И матросы, и капитан, и даже сам адмирал принимали ее за юношу… Никому из них и в голову не приходило, что юнгой на третьей, самой малой шхуне флотилии служит она, девушка! Тайну эту знали только двое – Франческо и Орниччо. Ее верные, ее добрые и славные друзья.

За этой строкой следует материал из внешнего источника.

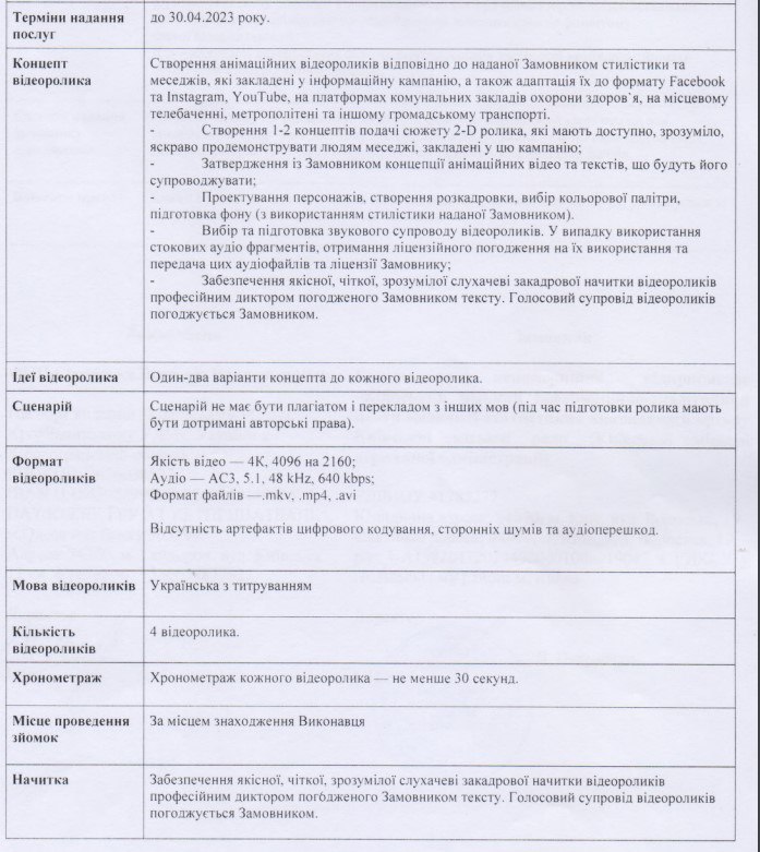 У 2024-му за виготовлення шести роликів фірма «ТВ Креатив», бенефіціаром якої, за даними Youcontrol, є М’яновський Богдан Станіславович, одержала з бюджету 139 тисяч 568 гривень. У технічних вимогах до закупівлі зазначається, що хронометрах кожного відеоролика має бути не більше 60 секунд, якість відео – 4 К, голосовий супровід. У кожному ролику має бути не більше п’яти персонажів.
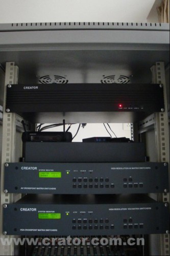 A/V系統(tǒng)由AV矩陣、RGB矩陣、計(jì)算機(jī)、攝像機(jī)、DVD、調(diào)音臺、話筒、音箱等A/V設(shè)備構(gòu)成。它完成對各種圖文信息的播放功能,實(shí)現(xiàn)現(xiàn)場音頻系統(tǒng)配合投影幕投影系統(tǒng)提供優(yōu)質(zhì)的視聽效果。并且還可以通過數(shù)字錄像機(jī),能夠?qū)⒄麄過程記錄在錄像機(jī)中,便于以后的查詢、回顧等。該檢察院通過AV0808和VGA0808這兩個矩陣對兩個會議廳的視頻輸入輸出設(shè)備進(jìn)行信號的任意選擇與切換,既可以選擇一對一輸出視頻信號,又可以一對多進(jìn)行視頻信號的切換。

  Она так любила их обоих, что в своих снах уходила в их далекий, загадочный и прекрасный мир как в настоящую, истинную жизнь, о которой мечтала и которой страстно хотела жить. Каждая встреча была для нее исполнена неповторимых, знаковых событий и непреходящих радостей. Она всегда знала, что они ее ждут, что они неизменно рады ей, им ничего не надо от нее, они просто рады ее видеть, они счастливы осознавать, что она – рядом с ними. И это было прекрасно! Это было так не похоже на ее повседневное существование – серое, скучное, обыденное, где от нее все чего-то ждали: кто помощи, кто утешения, кто заступничества, а при этом сама она никому из них не была нужна…
 
   С годами фантастические мечтания юной девушки претерпевали изменения: она постепенно перестала отождествлять себя с тем отважным юнгой из далекого XV-го столетия; он оставался там, и уже превратился в настоящего юношу, а она обреталась здесь, в современном ей мире. Но теперь тот молодой герой внушал ей иные, неведомые ранее мысли и желания; она мечтала о встрече с ним, ждала от этой встречи чего-то такого, в чём даже самой себе боялась признаться… Она стала отделять его от себя, но при этом отнюдь не утратила прочного и прекрасного единения с ним. Для нее он был совершенно реален – куда как реальнее многих ее одноклассников. И не просто реален – тот мальчик был ей близок…При этом, не сомневаясь в его реальности, она не знала его имени. Знала только, что он есть, он существует. И проблема заключалась лишь в том, что он жил в том, далеком и чуждом, хоть и желанном ею мире, а она – в мире этом…
   А потом она сама наделила его именем. Так как он был таким же юнгой, как и Франческо с Орниччо, и был с ними почти как единое целое, то имя его состояло из имен двух его самых близких друзей – Франческо и Орниччо. Лариса дала ему имя - Фриччо.
  Только Фриччо могла она доверить свои самые сокровенные тайны, мысли, потаённые фантазии. Она знала, что Фриччо всегда поймёт и примет их как свои собственные. Иначе быть не могло. Ведь он – это отображение ее самой, ее ипостась, ее двойник во времени и пространстве, с которым она всегда будет едина, несмотря ни на что! Она так хочет, и никто не отнимет его у нее…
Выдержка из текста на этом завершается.